A promise time overrun flag does not block anything — it is a visibility signal. The advisor needs to know that a job is at risk so they can decide whether to reassign a technician, call the customer, or take another action. The scheduler surfaces the problem; the advisor resolves it.

At Al Futtaim Auto in Dubai, where customer satisfaction ratings are tied to on-time delivery, promise time tracking is one of the primary management tools supervisors use during afternoon check-ins. Sorting the job board by promise time gap shows immediately which jobs are at risk and how much runway remains before the commitment becomes a problem.


Future scheduling

Jobs can be scheduled for any future date. The scheduling calendar shows future days, and the full constraint model applies to future scheduling in the same way it applies to same-day scheduling.

Future jobs are checked against:

  • The location’s operating hours for the target date
  • The technician’s availability schedule and any exception dates for the target date
  • Existing job assignments on the target date (bay and technician double-booking)
  • The technician’s WIP load on the target date

The one constraint that does not apply to future scheduling is clock-in status. A technician does not need to be clocked in today to be assigned work for next Thursday.

Future scheduling is particularly useful for pre-booking work that arrives with a confirmed return date — a vehicle that needs a part ordered, a job that requires a specialist bay currently occupied, or customer-requested future appointment slots. Santos Body Works in São Paulo regularly pre-books insurance repair work up to two weeks in advance, and the scheduling model ensures that those future commitments are visible and respected when same-day scheduling decisions are made.


What the scheduler does not do automatically

BayWise Scheduler is a decision-support tool, not an auto-planner. It enforces constraints, surfaces conflicts, and makes AI suggestions — but every assignment is confirmed by a human. This is intentional: workshop scheduling requires context that only an experienced advisor has. Which customer called ahead to say they are in a hurry. Which technician is showing signs of fatigue by mid-afternoon. Which job looks simple but has a history of complications on this make and model. The scheduler handles the rules so the advisor can focus on the judgment.

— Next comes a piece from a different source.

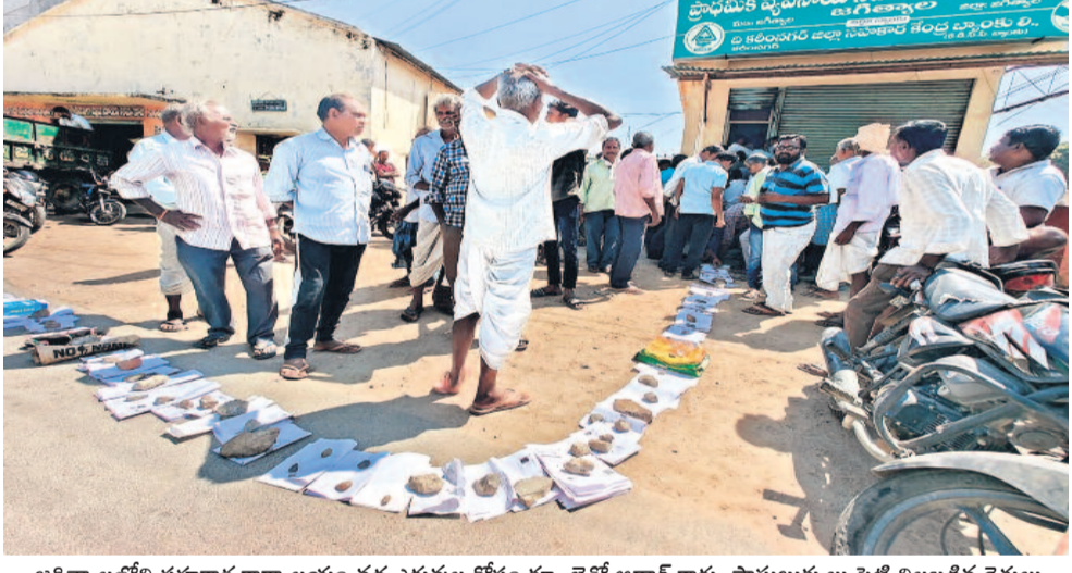
జగిత్యాలలోని సహకార కార్యాలయం వద్ద ఎరువుల కోసం క్యూ లైన్లో ఆధార కార్డు, పాసుబుక్కులు పెట్టి నిలబడిన రైతులు

There are specific situations where the scheduler raises a problem but does not act on it:

When a technician calls in sick. The scheduler does not automatically reassign their jobs to other technicians. It flags the affected jobs as unassigned and highlights the capacity gap. The advisor reviews the jobs, considers who is available, and makes the reassignments.

When a job overruns. If a job takes longer than estimated, the scheduler does not automatically push subsequent jobs back or rebalance the day. It flags the running-over job and highlights any downstream promise time risks. The advisor decides whether to call in another technician, extend the current technician’s shift, or contact affected customers.

When a preferred technician is unavailable. The AI will suggest alternatives, but it will not silently book a different technician without the advisor confirming. If a customer has requested a specific technician and that technician is fully booked, the advisor is shown the conflict and chooses the resolution.

This design reflects a deliberate philosophy. Fully automated rescheduling — the system deciding on its own to move jobs around — creates risk in a workshop environment. A reassignment that looks clean on paper might put the wrong technician on a job that requires specific knowledge of a customer’s vehicle history, or might shift a job to a time slot the customer did not agree to. The scheduler’s role is to make the advisor faster and better informed, not to replace the advisor’s judgment.